I mention this because this past weekend I flew back to said stomping grounds for my brother’s graduation. I stayed at my mom’s house in my old room, as I always do. After breakfast at Real Food Cafe (I got the strawberry stuffed French toast—classic good decision) on Sunday morning, I was sitting in my room examining some of my old books and trappings when a distinctly surreal feeling washed over me. Suddenly I was looking through a window into another world, a world more recognizable but also manifestly less real. Things I had taken for granted became startling—some big things, like how far I have been from friends and family, but also plenty of little things, like the decorations hanging on my bedroom walls or the feel of the carpet on my feet.
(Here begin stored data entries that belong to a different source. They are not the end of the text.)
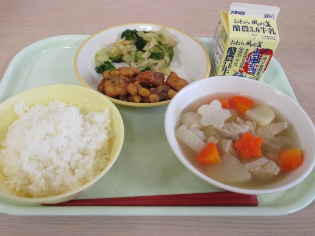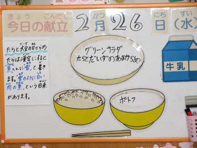 今日の献立は、ごはん、牛乳、たらと大豆の甘からめ、グリーンサラダ、ポトフです。
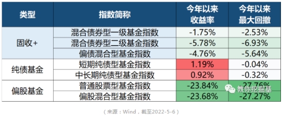 。ㄊ堇丛:Wind,Wind分类,截止2022-4-21。风险提示:以上股票仓位和风险等级仅指通常状况,具体以基金合同、招募阐明书等材料商定为准。收益率和最大回撤指对应的万得基金指数表现,具体包括混合债券型一级基金指数、混合债券型二级基金指数、偏债混合型基金指数。指数历史业绩不预示将来表现,也不代表具体基金产品表现。)
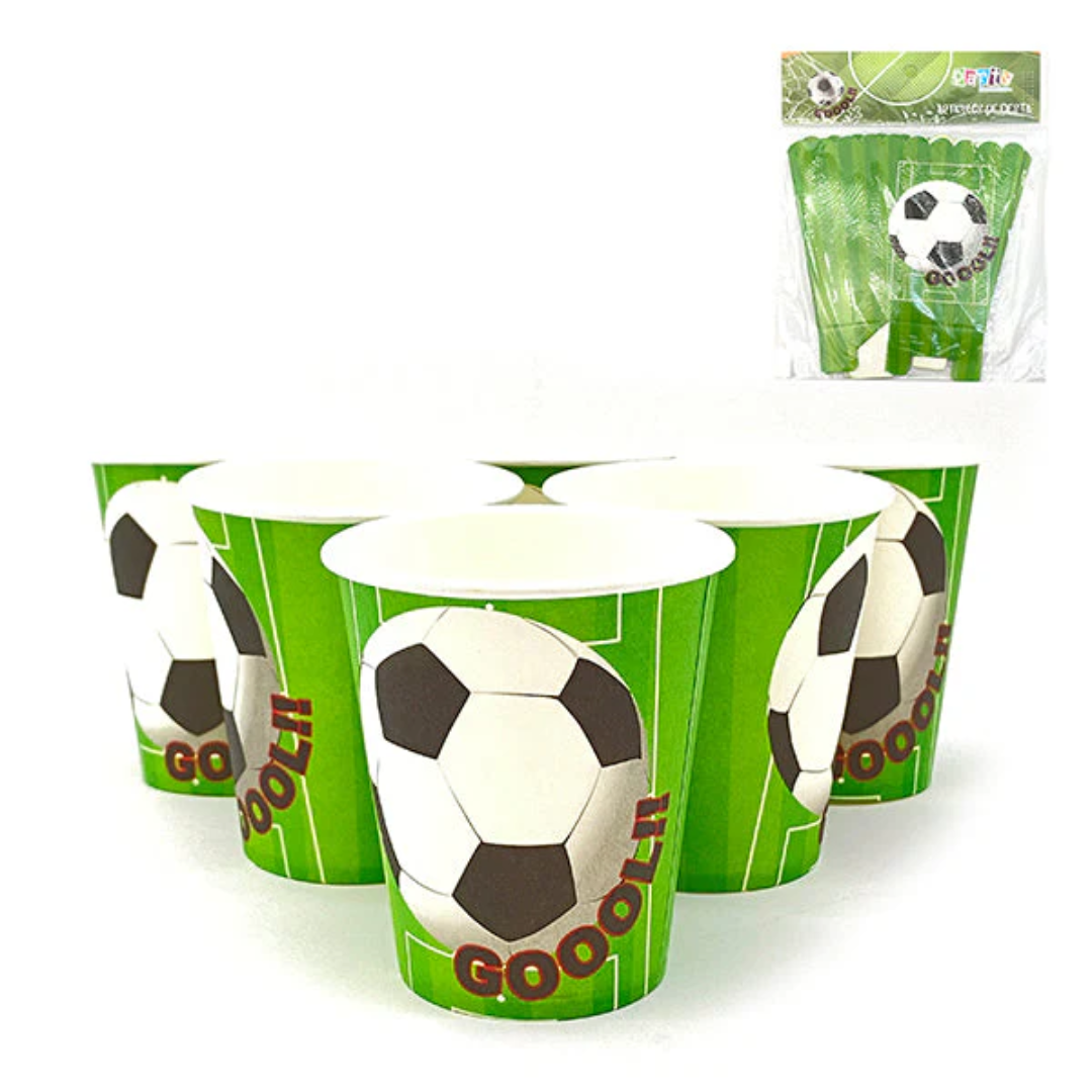 Vaso 9onzas con temática de fútbol, ideal para tus celebraciones, el empaque contiene 6 unidades
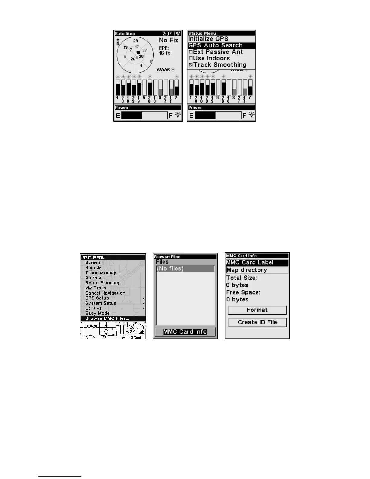 Main Menu (left); MMC File Browser (center and right).
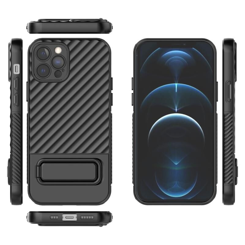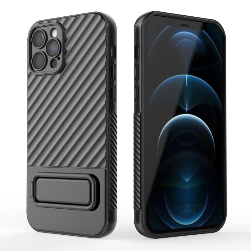 Θήκη τηλεφώνου TPU με κυματιστή υφή για iPhone 12 Pro με προστατευτική μεμβράνη φακού (Μαύρο)
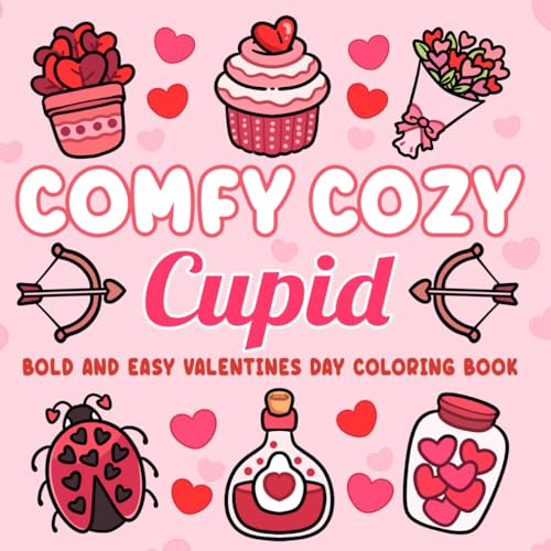 Comfy Cozy Cupid: Valentines Day Coloring Book with Bold & Easy Designs for Adults, Teens & Kids: Bold & Easy Coloring
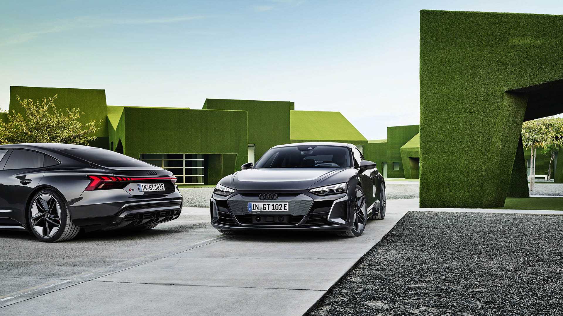 Новый e-tron GT похож сразу на два автомобиля концерна VW: Audi A7 и Porsche Taycan. На первый из-за того, что все «Ауди» похожи друг на друга, а со вторым e-tron GT действительно родственен. Все три автомобиля объединяют очень близкие параметры: у e-tron GT это 4989 × 1964 × 1414 мм, а другие модели не большее чем на 30 мм расходятся с ним. Однако колёсная база идентична по размерам лишь у e-Tron GT и Porsche: 2900 мм, у A7 она слегка больше — 2926 мм. Такое объединение очень рационально и позволяет концерну экономить часть денег.
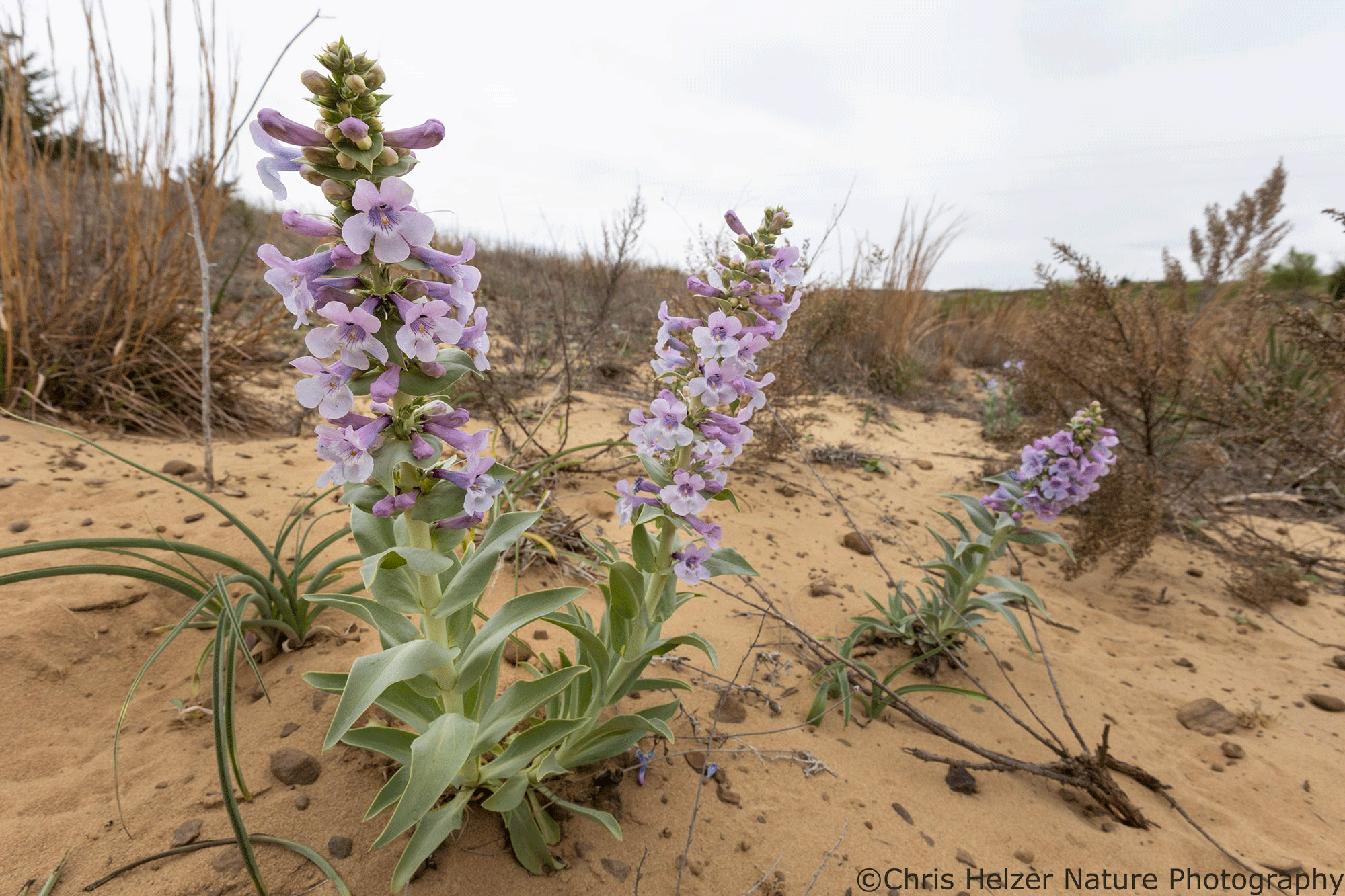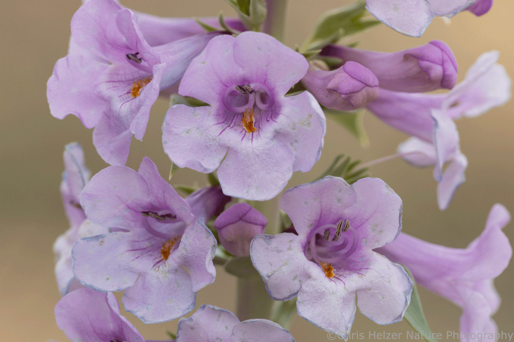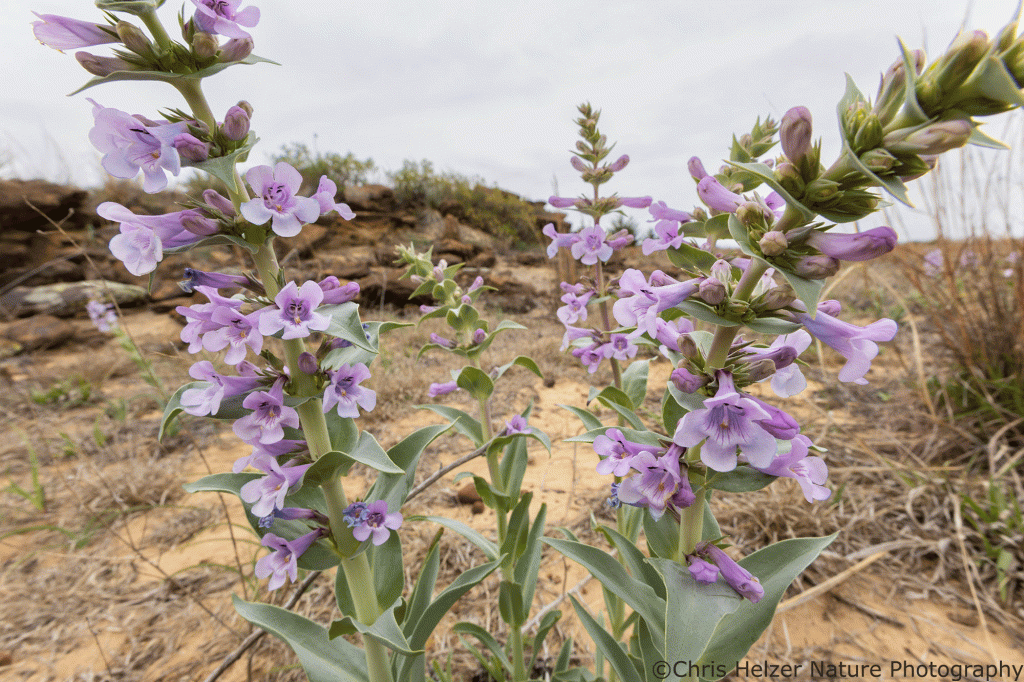 Here’s a close-up of the penstemon flowers. While the leaves of the plant look similar to shell-leaf penstemon (Penstemon grandiflorus), the flowers are very different.
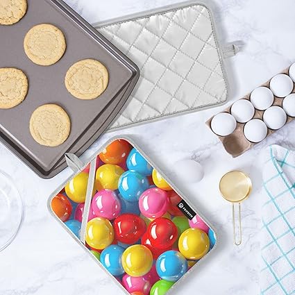 alaza 鍋敷き 断熱パッド 耐熱マット 2枚セット 鍋つかみ 滑り止め 洗える 北欧風 カラー 球柄 お鍋シート 耐熱手袋 キッチン用品
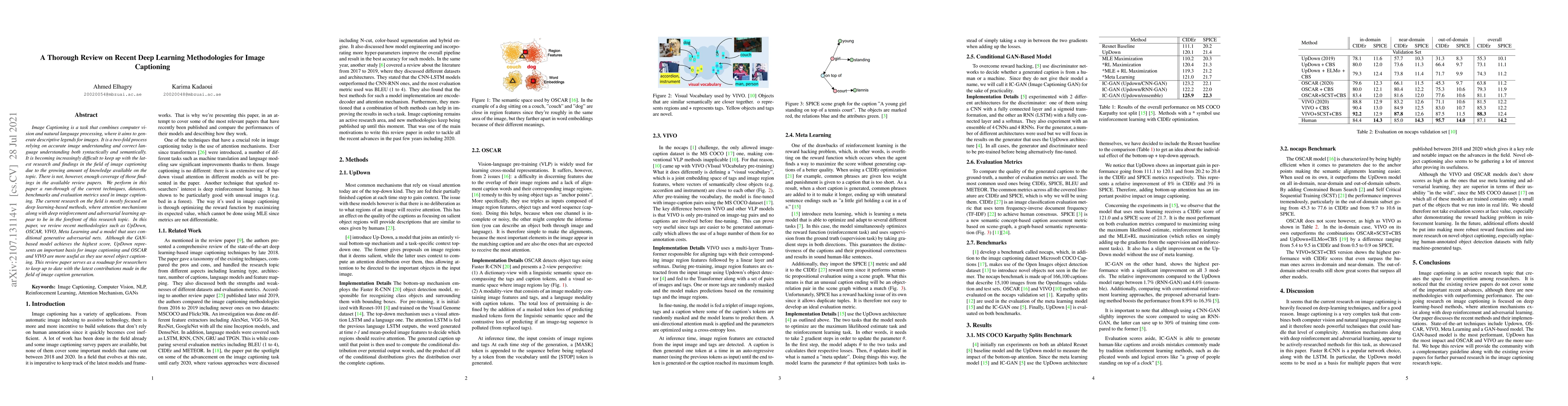 Image Captioning is a task that combines computer vision and natural language processing, where it aims to generate descriptive legends for images. It is a two-fold process relying on accurate image understanding and correct language understanding both syntactically and semantically. It is becoming increasingly difficult to keep up with the latest research and findings in the field of image captioning due to the growing amount of knowledge available on the topic. There is not, however, enough coverage of those findings in the available review papers. We perform in this paper a run-through of the current techniques, datasets, benchmarks and evaluation metrics used in image captioning. The current research on the field is mostly focused on deep learning-based methods, where attention mechanisms along with deep reinforcement and adversarial learning appear to be in the forefront of this research topic. In this paper, we review recent methodologies such as UpDown, OSCAR, VIVO, Meta Learning and a model that uses conditional generative adversarial nets. Although the GAN-based model achieves the highest score, UpDown represents an important basis for image captioning and OSCAR and VIVO are more useful as they use novel object captioning. This review paper serves as a roadmap for researchers to keep up to date with the latest contributions made in the field of image caption generation.

I have struggled for much of the past four years—and really all through college as well—trying to figure out what I want to do with my life. Some of my lowest valleys, and some of my highest peaks, have come since striking out on my own. It has been frustrating, exhilarating, confusing, rewarding and most of all challenging. Now, four years after my entrance into the “real world,” I still have no idea what I’m doing. But I do finally have a “real” job and the luxury of relaxing a little about my future, so it is perhaps for that reason, and the trigger of the graduation ceremony, that the trip back to my salad days hit me like it did. After years of looking uncertainly ahead, I had returned to a very tangible past, so tangible that I could literally reach out and touch it. And touch it I did, from my Southern Little League trophies to Calvin and Hobbes treasuries to my high school yearbooks. I have intense memories associated with each of these things—chasing down fly balls on the diamonds of Southern, hundreds of breakfasts and lunches spent reading and rereading Weirdos From Another Planet, doing experiments in Mr. Zuidema’s physics class—and countless more. For the next hour I sat on the floor in my bedroom, legs crossed, remembering.

I am no stranger to nostalgia. My mom tells me that when I was younger I used to hug the Christmas tree after it had been taken down and dragged to the curb. I eventually outgrew that behavior—it was unbecoming of a college graduate—but the point stands: I have been known to dwell in the past. It should surprise no one, however, when I say that Washington is a city populated largely by people looking forward. It is easy—to a certain degree, necessary—to get swept up in the continuous striving that courses through the capital. And even outside of the beltway, one’s twenties are not traditionally a time of reflection. Why should we waste time thinking about what has happened when there’s so much out there that could happen? Suffice it to say that the past has gotten only a sliver of my mental pie chart the past few years. Yet it’s always there, shaping my decisions and views and the way I look at the world. No matter how far I travel or what path I choose, I’ll forever be the kid from a small city in Michigan. All things considered, I wouldn’t have it any other way.